Start of Block

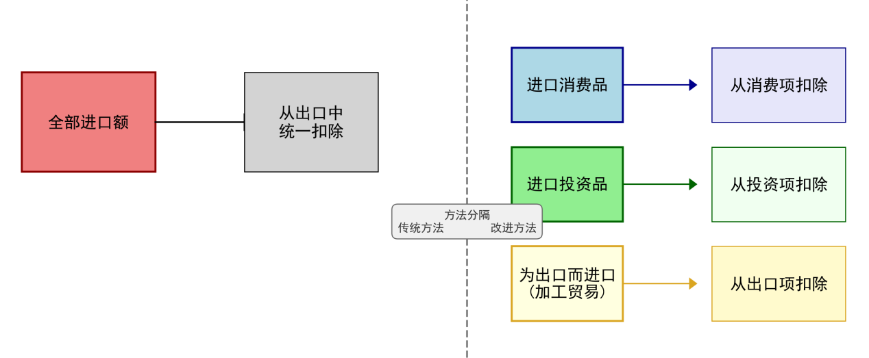 问题的核心在于进口额应当如何从GDP中扣除。如图3所示,当前的做法是将所有进口——无论是消费品、投资品还是中间产品——统一从出口额中扣除,从而得出净出口。张启迪博士指出,这种处理方式忽略了经济活动的实质。进口的消费品和投资品,其本质是满足了国内的最终需求,它们与出口并无直接关联。因此,更符合经济逻辑的做法应当是:进口消费品从消费项中扣除,进口投资品从投资项中扣除,而仅将与出口直接相关的进口部分(主要是加工贸易)从出口中扣除。
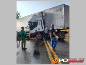O acidente ocorreu próximo ao Posto Lagomar. A carreta vazia seguia sentido Presidente Olegário quando o condutor perdeu a direção e fez um “L” ficando atravessada na pista.
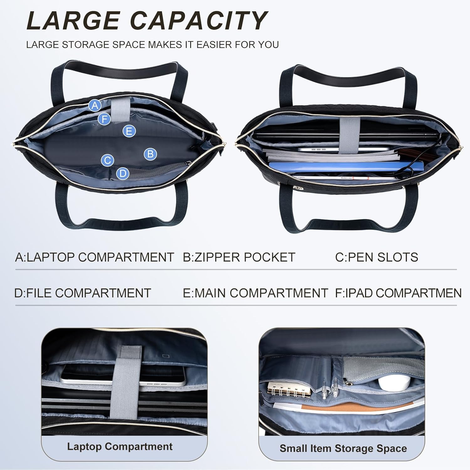 【Large Capacity & Multi-pocket】:The Laptop Tote Bag has multiple pockets, you can place your 14″-16″ laptop, iPad, accessories, cards, and wallet in their right position easily. The padded design protects your laptop from accidental bumps and scratches, and the large opening makes it easier to keep things in your handbag.
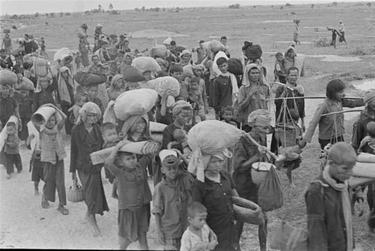 Người dân Campuchia chạy sang lánh nạn trên vùng biên giới Tây - Nam của Việt Nam để tránh bị khơ me đỏ hành quyết. (Ảnh: TTXVN)
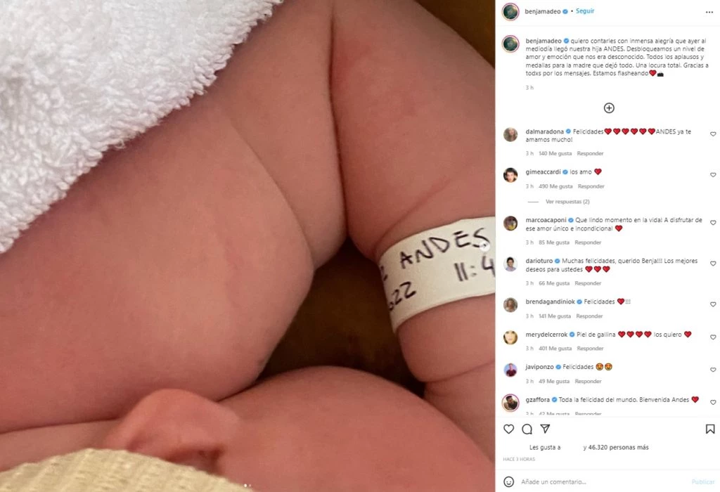 Dalma Maradona, quien mantiene una gran amistad con el artista, se mostró súper feliz con el nacimiento de la bebita y comentó: "Felicidades. Andes ya te amamos mucho". Por su parte, Gime Accardi, quien trabajó con él en Casi Ángeles, expresó: "Los amo".
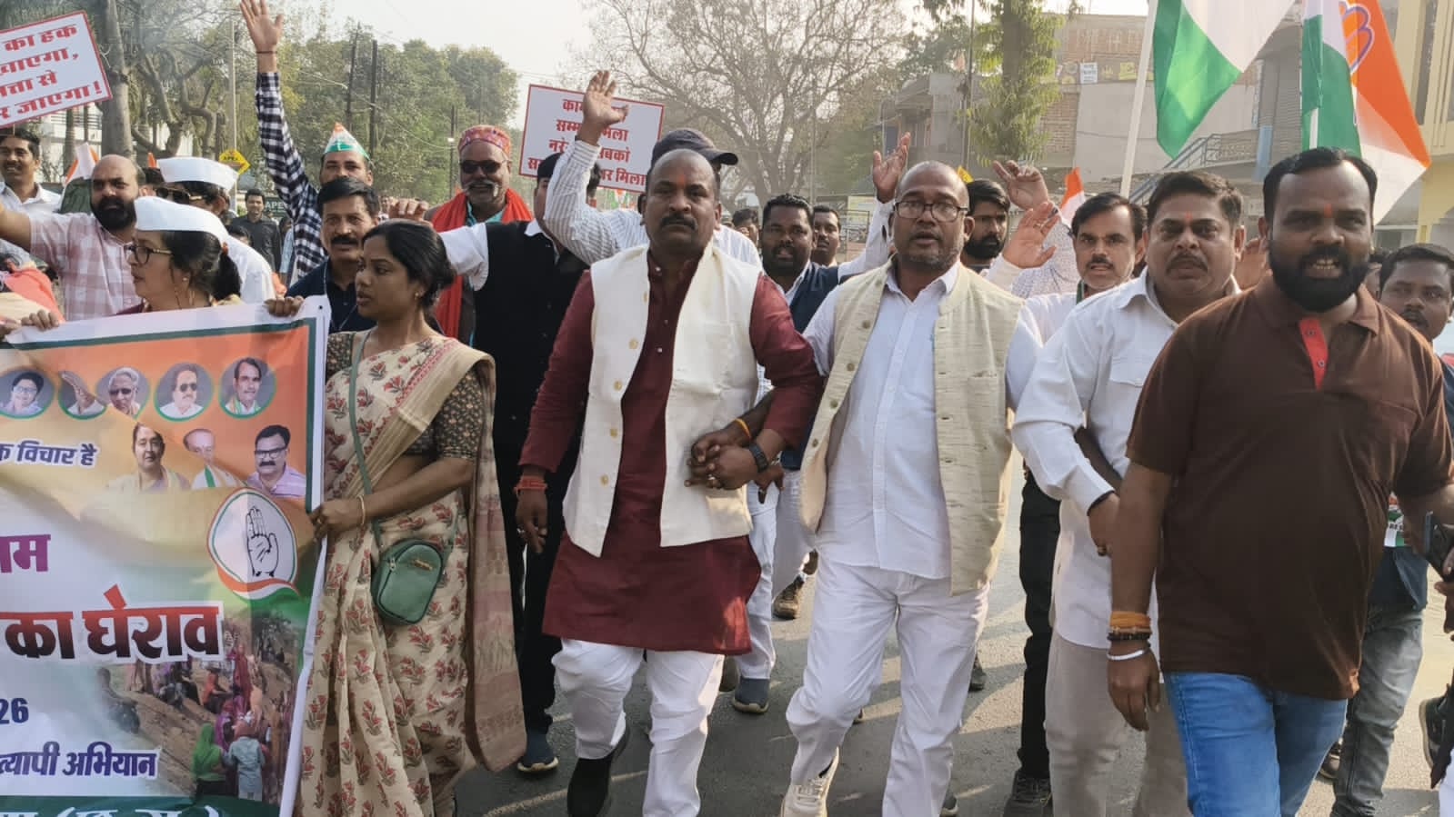 भखार न्यूज नेटवर्क: अखिल भारतीय कांग्रेस कमेटी के आह्वान पर चल रहे “मनरेगा बचाओ संग्राम” अभियान के तहत आज जिला कांग्रेस कमेटी कोरिया के तत्वावधान में जिला मुख्यालय बैकुंठपुर में कांग्रेस पार्टी द्वारा धरना-प्रदर्शन, आमसभा एवं कलेक्टर कार्यालय का घेराव किया गया। कार्यक्रम में बड़ी संख्या में कांग्रेस नेता, पदाधिकारी, कार्यकर्ता एवं आम नागरिक शामिल हुए।
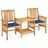 La table et les chaises sont en bois d'acacia massif avec une finition a l'huile, ce qui leur permet d'etre extremement stables et robustes. Le dessus de table robuste et l'etagere inferieure sont ideaux pour ranger vos tasses, livres et autres petits objets. Et les dossiers et les accoudoirs des chaises garantissent une experience d'assise reposante. De plus, grace a sa finition a l'huile, le meuble est facile a nettoyer avec un chiffon humide. Les coussins ajoutent un confort supplementaire. Chaque coussin comporte deux jeux de cordes pour le fixer fermement sur l'ensemble de bistro.
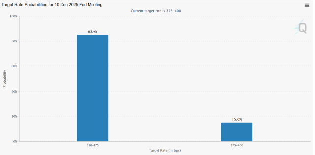 Uno dei motori principali del rialzo odierno è il contesto macroeconomico, le probabilità legate alla prossima riunione della Federal Reserve indicano un cambiamento di sentiment: gli operatori si aspettano un taglio dei tassi già a dicembre, con oltre l’85% degli analisti che prevede una riduzione.
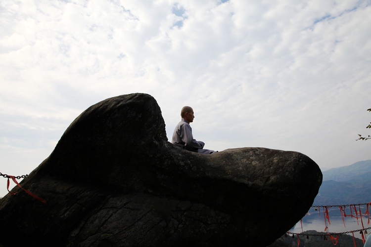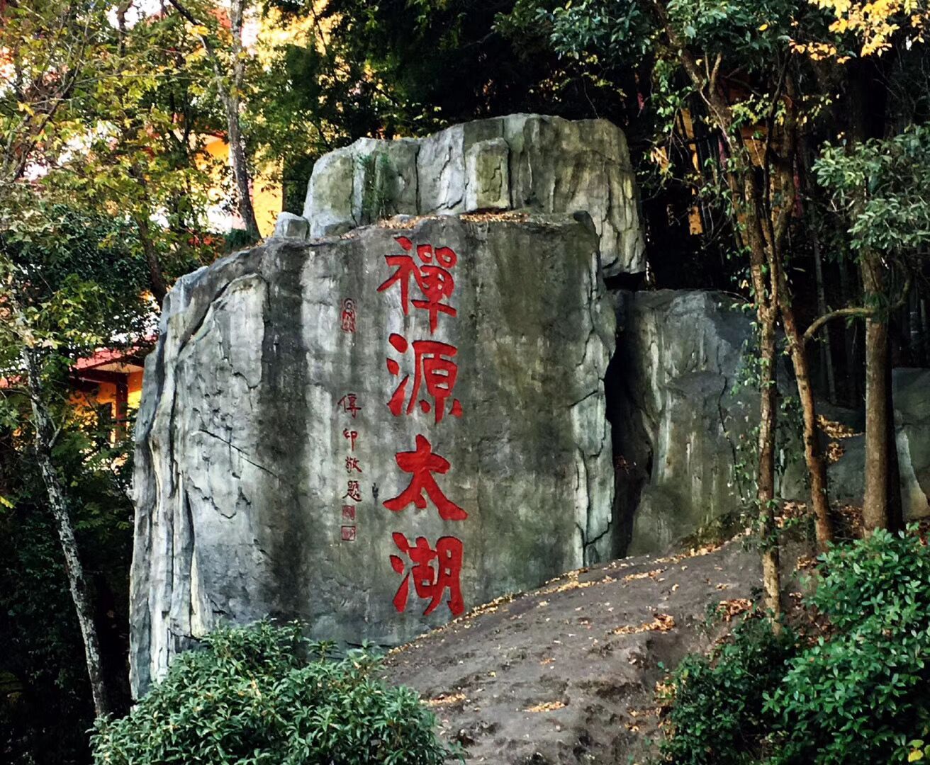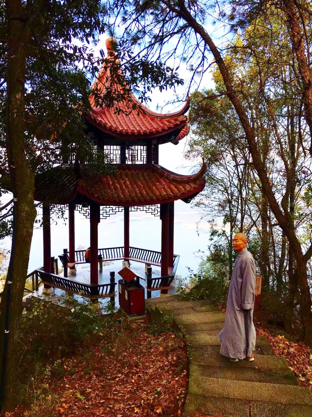 西风禅寺座落在凤凰山上,山下是著名的华亭湖。我们拾级而上,登上了凤凰山。站在山顶眺望,好一幅风光美景,只见碧水、蓝天,星罗棋布的小岛,穿棱的小船,逶迤苍翠的群山都尽收眼底,不愧是佛门净土,清幽、寂静让人俗念顿消。山上有块大石,师父介绍这是五祖打坐之石。我们爬上大石,沾沾法喜,感受一番非凡脱俗,清净无畏之气度。耳畔西风吹拂,让我想起了纳兰性德的“谁念西风独自凉,萧萧黄叶闭疏窗,沉思往事立残阳……”
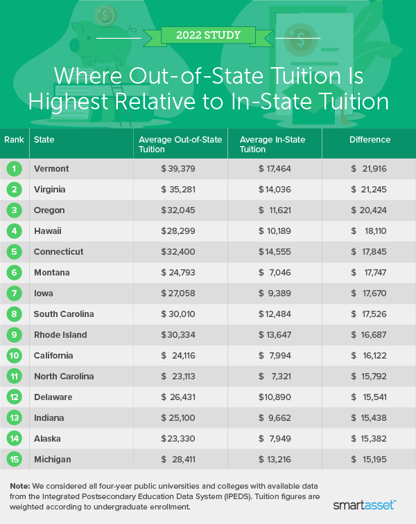 - Tuition is highest in Vermont. Not only does Vermont have the nation’s highest average out-of-state tuition ($39,379), but also the highest in-state tuition. Residents of the Green Mountain State pay an average of $17,464 per year when attending one of the state’s public colleges and universities.
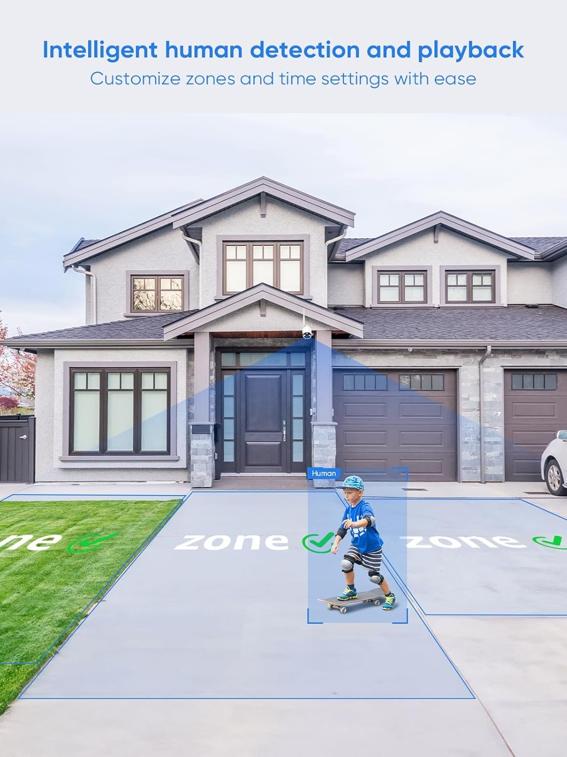 • 【Accurate AI Detection & Remote Access】 The system can recognize a person among all motion objects and send you instant app pushes & email alerts. You’re always allowed to control the system remotely via 3G/4G/5G or WiFi via all smart devices.

End of Block

Task brief: From the data above, return exactly the lines from the one with "in your handbag." up to and including the one with "La table et". Pictures do not go in the copy.

Reply to the exercise:
 【Large Capacity & Multi-pocket】:The Laptop Tote Bag has multiple pockets, you can place your 14″-16″ laptop, iPad, accessories, cards, and wallet in their right position easily. The padded design protects your laptop from accidental bumps and scratches, and the large opening makes it easier to keep things in your handbag.
 Người dân Campuchia chạy sang lánh nạn trên vùng biên giới Tây - Nam của Việt Nam để tránh bị khơ me đỏ hành quyết. (Ảnh: TTXVN)
 Dalma Maradona, quien mantiene una gran amistad con el artista, se mostró súper feliz con el nacimiento de la bebita y comentó: "Felicidades. Andes ya te amamos mucho". Por su parte, Gime Accardi, quien trabajó con él en Casi Ángeles, expresó: "Los amo".
 भखार न्यूज नेटवर्क: अखिल भारतीय कांग्रेस कमेटी के आह्वान पर चल रहे “मनरेगा बचाओ संग्राम” अभियान के तहत आज जिला कांग्रेस कमेटी कोरिया के तत्वावधान में जिला मुख्यालय बैकुंठपुर में कांग्रेस पार्टी द्वारा धरना-प्रदर्शन, आमसभा एवं कलेक्टर कार्यालय का घेराव किया गया। कार्यक्रम में बड़ी संख्या में कांग्रेस नेता, पदाधिकारी, कार्यकर्ता एवं आम नागरिक शामिल हुए।
 La table et les chaises sont en bois d'acacia massif avec une finition a l'huile, ce qui leur permet d'etre extremement stables et robustes. Le dessus de table robuste et l'etagere inferieure sont ideaux pour ranger vos tasses, livres et autres petits objets. Et les dossiers et les accoudoirs des chaises garantissent une experience d'assise reposante. De plus, grace a sa finition a l'huile, le meuble est facile a nettoyer avec un chiffon humide. Les coussins ajoutent un confort supplementaire. Chaque coussin comporte deux jeux de cordes pour le fixer fermement sur l'ensemble de bistro.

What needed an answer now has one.